In [1]:
%matplotlib inline


# Generalized Linear Model


## Gamma Regression
Gamma regression can be used when you have positive continuous response variables such as payments for insurance claims,
or the lifetime of a redundant system.
It is well known that the density of Gamma distribution can be represented as a function of
a mean parameter ($\mu$) and a shape parameter ($\alpha$), respectively,
$$
\begin{align}f(y \mid \mu, \alpha)=\frac{1}{y \Gamma(\alpha)}\left(\frac{\alpha y}{\mu}\right)^{\alpha} e^{-\alpha y / \mu} {I}_{(0, \infty)}(y),\end{align}
$$
where $I(\cdot)$ denotes the indicator function. In the Gamma regression model,
response variables are assumed to follow Gamma distributions.
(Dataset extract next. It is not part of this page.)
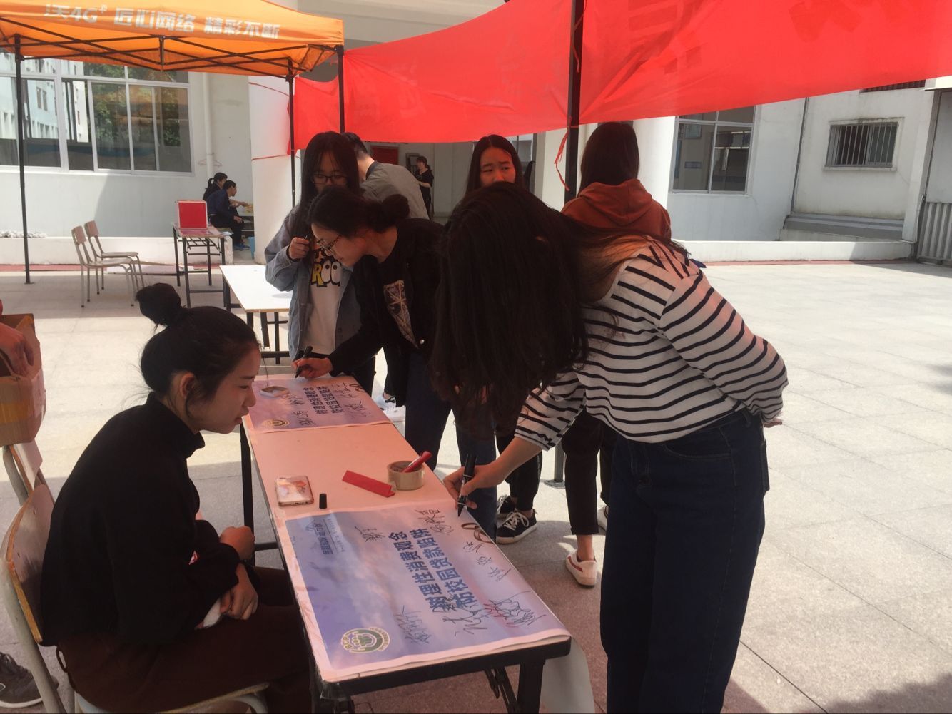 由于活动前期宣传充分,活动伊始,现场便是人头攒动。同学们表现出空前的热情,积极参与到签名活动中去,在横幅上留下自己的签名。活动现场,通过主题宣传、金融知识有奖问答互动等环节,吸引来来往往的同学。通过热情参与、积极答题,增加金融常识,同学们不自觉间便已加深对骗贷行为的警惕和甄别能力。更有同学表示,通过学校举办的一系列与校园贷相关的活动,他们更加清晰地认识到校园贷潜在的危害,在生活中得以加强防范。
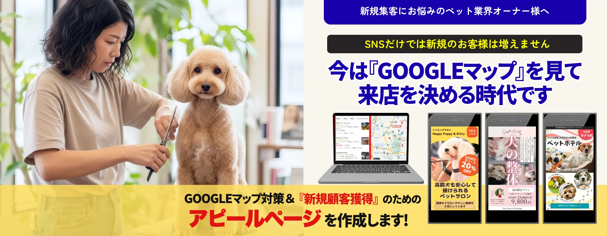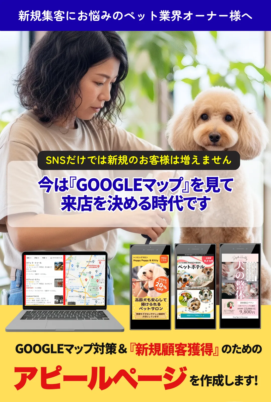 ペット業界ならではの事情や、飼い主の心理を理解したうえで無理な営業をせず、信頼されるページ作りをお手伝いします。

Specifically,

\begin{align}y_i \sim Gamma(\mu_i, \alpha),\end{align}


where $1/\mu_i = x_i^T\beta$.

With $n$ independent data of the explanatory variables $x$ and the response variable $y$, we can estimate $\beta$ by minimizing the negative log-likelihood function under sparsity constraint:
$$
\arg \min _{\beta \in R^p} L(\beta):=-\frac{1}{n} \sum_{i=1}^n\left\{-\alpha \left( y_i x_i^T \beta - \log \left(x_i^T \beta\right)\right) + \alpha \log \alpha + \left(\alpha - 1\right) \log y - \log \Gamma \left(\alpha\right) \right\}, \text { s.t. }\|\beta\|_0 \leq s .
$$

Here is Python code for solving sparse gamma regression problem:


In [4]:
np.random.seed(2)

n = 100
p = 10
s = 3
data = make_glm_data(n=n, p=p, k=s, family="gamma")
X = data.x
y = data.y

# Define function to calculate negative log-likelihood of Gamma regression
def gamma_loss(params):
    xbeta = jnp.clip(X @ params, -30, 30)
    return jnp.mean(y * xbeta - jnp.log(xbeta)) 
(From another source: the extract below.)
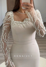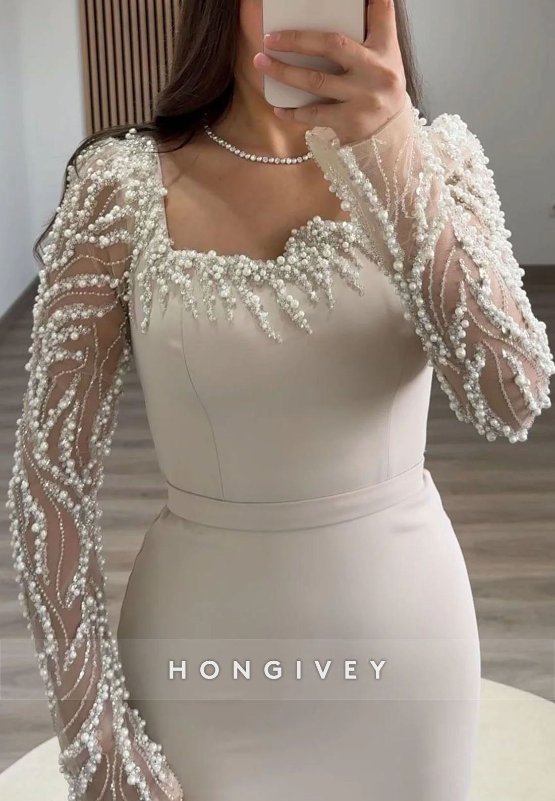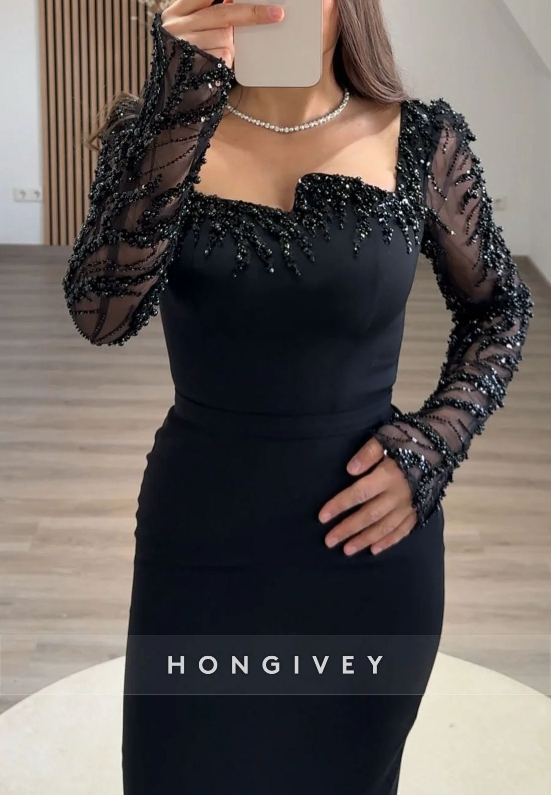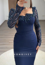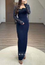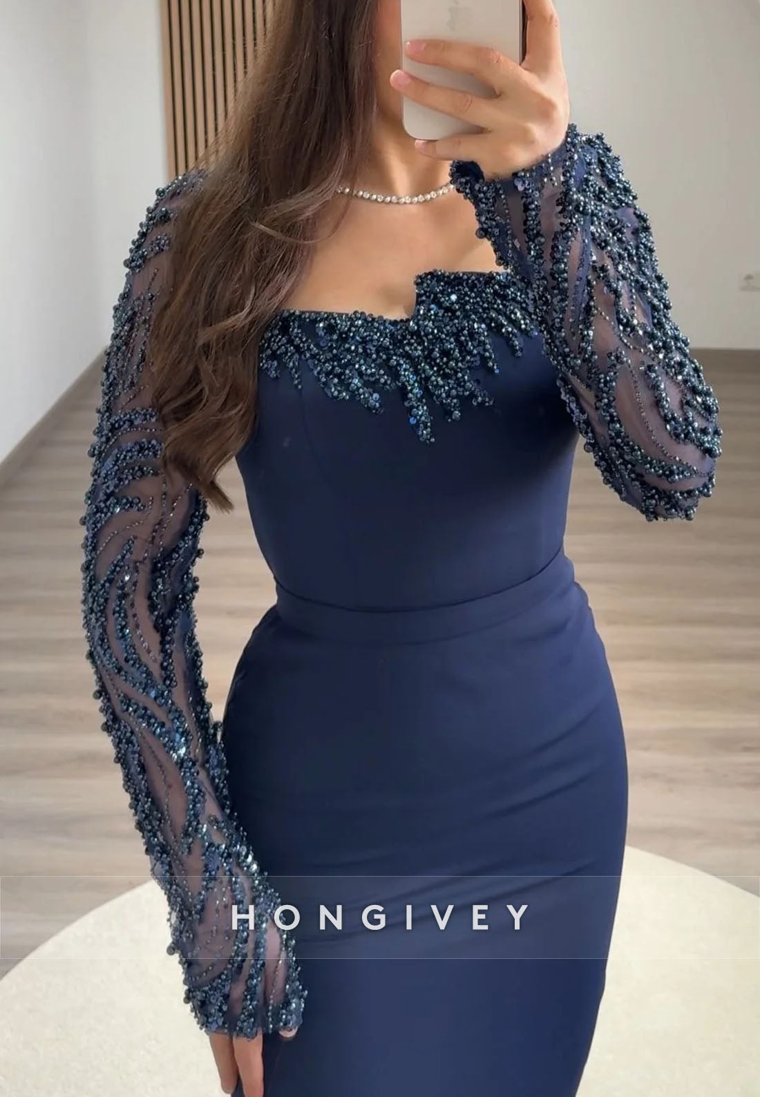 Column Asymmetrical Neck Evening Gown Long Sleeve Beading Ankle-Length Formal Dresses

solver = ScopeSolver(p, s)
solver.solve(gamma_loss, jit=True)

print("True support set: ", np.nonzero(data.coef_)[0])
print("True parameters: ", data.coef_)
print("True loss value: ", gamma_loss(data.coef_))
print("Estimated support set: ", np.sort(solver.support_set))
print("Estimated parameters: ", solver.params)
print("Estimated loss value: ", gamma_loss(solver.params))

True support set:  [2 6 8]
True parameters:  [ 0.          0.         16.84626207  0.          0.          0.
  9.48390875  0.          7.42158219  0.        ]
True loss value:  nan
Estimated support set:  []
Estimated parameters:  [0. 0. 0. 0. 0. 0. 0. 0. 0. 0.]
Estimated loss value:  inf